What you need to bring:
- Small backpack for day tours (should be light and comfortable for carrying essentials for day tours; sufficient water & snacks (which we will provide), sun cream, camera, sunhat, scarf, etc.)
- Optional: Water bladder or camel pack
- Hiking socks + normal socks
- Underwear (consider thermals for Winter nights)
- Sunhat (Preferably wide brimmed)
- Warm hat/ Beanie (for winter)
- Warm jersey (fleece or soft shell)
- Windproof jacket (for winter)
- Light windproof rain jacket or poncho (primarily Summer)
- COMFORTABLE hiking shoes/hiking boots (Comfortable shoes or boots are the most important item on the list. We will be hiking many kilometers, so your footwear can make or break this holiday – be sure to bring footwear that you know and trust to be comfortable for longer periods of time, i.e. brand new shoes is not a great idea. Our guides usually wear fairly open shoes when hiking, but hiking boots with more ankle support is generally a good idea. For the Fish River Canyon boots with ankle support is essential).
- Spare laces
- Sandals for leisure and nights on trail
- Gaiters (non-essential, but protects against grass seeds in the late summer months)
- Gloves/mittens (essential for Winter nights)
Clothes should be comfortable and suited for the time of year (remember Winter gets very cold at night in these parts – bring a sweater and warm socks; In Summer a rain poncho or light waterproof jacket is a good idea). As we will be hiking in the natural environment, we recommend neutral coloured clothes (Grey, khaki, subtle greens, greys, browns are perfect). Whites and brights can attract unwanted attention from certain animals, and should thus be avoided.

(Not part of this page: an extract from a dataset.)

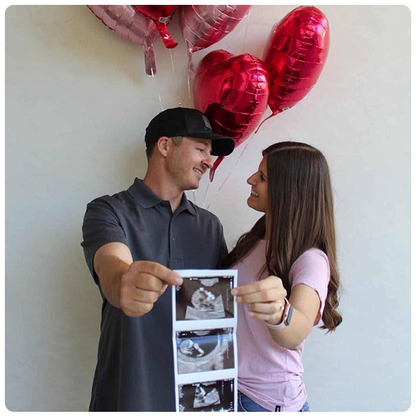 In this Valentine’s Day–inspired pregnancy announcement captured by Michelle Johnson of bloom.in.grace.photos, a couple shares the news by holding a strip of ultrasound photos while surrounded by heart-shaped balloons. The simple setup keeps the focus on the emotion between the two parents-to-be, making it a sweet option for couples who want a polished photo that still feels personal and intimate. “Capturing a pregnancy announcement on Valentine’s Day feels especially special because it celebrates love not just as it is, but as it’s becoming,” says Johnson.

- Short and long-sleeved shirts (Lightweight, moisture management fabric, neutral colors)
- Zip-off trousers (lightweight, moisture management fabric, neutral colors)
- Bathing costume
- Sun cream
- Personal medicine
- Antiseptic cream, antihistamines, painkillers, anti-diarrhea medication, anti-inflammatories, eye drops, muscle relaxing cream, blister treatment/band-aids
- Emergency contact details + insurance details
- Money (credit cards will do – you don’t need to exchange from home)
- Vaccination certificates (consult with your doctor)
- Camera, charger
- Binoculars (optional)
Everything as described under the pricelist – generally everything excluding flights, insurance, single supplement, non-specified activities and pocket money.
We provide a full package putting emphasis on a high service level and a knowledgeable guide, who will join you throughout the tour. We provide everything in terms of food and snacks including drinks and refreshments with meals and on trails. (A late night drinking binge is on your own account)
Basic tips are included (Dust and Boots tip waitresses, guides, camp hands, etc.), but if you are particularly happy with a guide or an activity you are welcome to add an additional tip.
See tour prices under the individual tours — Click Here
In Southern Africa our seasons are the opposite of the Northern Hemisphere, however we usually divide our seasons into the rainy season (Summer months) and the dry season (Winter months).
November to February/March
The rainy season, which is also the hotter season, begins around November and lasts until February/March, the rest of the year is fairly dry.
The wet summer months are hot and comfortable – it rarely rains whole days, only in thunderous showers usually in the afternoon. In summer the bush is lush and green with lots of bird activity.
May to August/September
Winter months can be very cold at night, but the days are always warm and comfortable. Game viewing is better in winter, as the bush is less dense and you see animals more easily, but many of the migrant birds will have left the region at this time.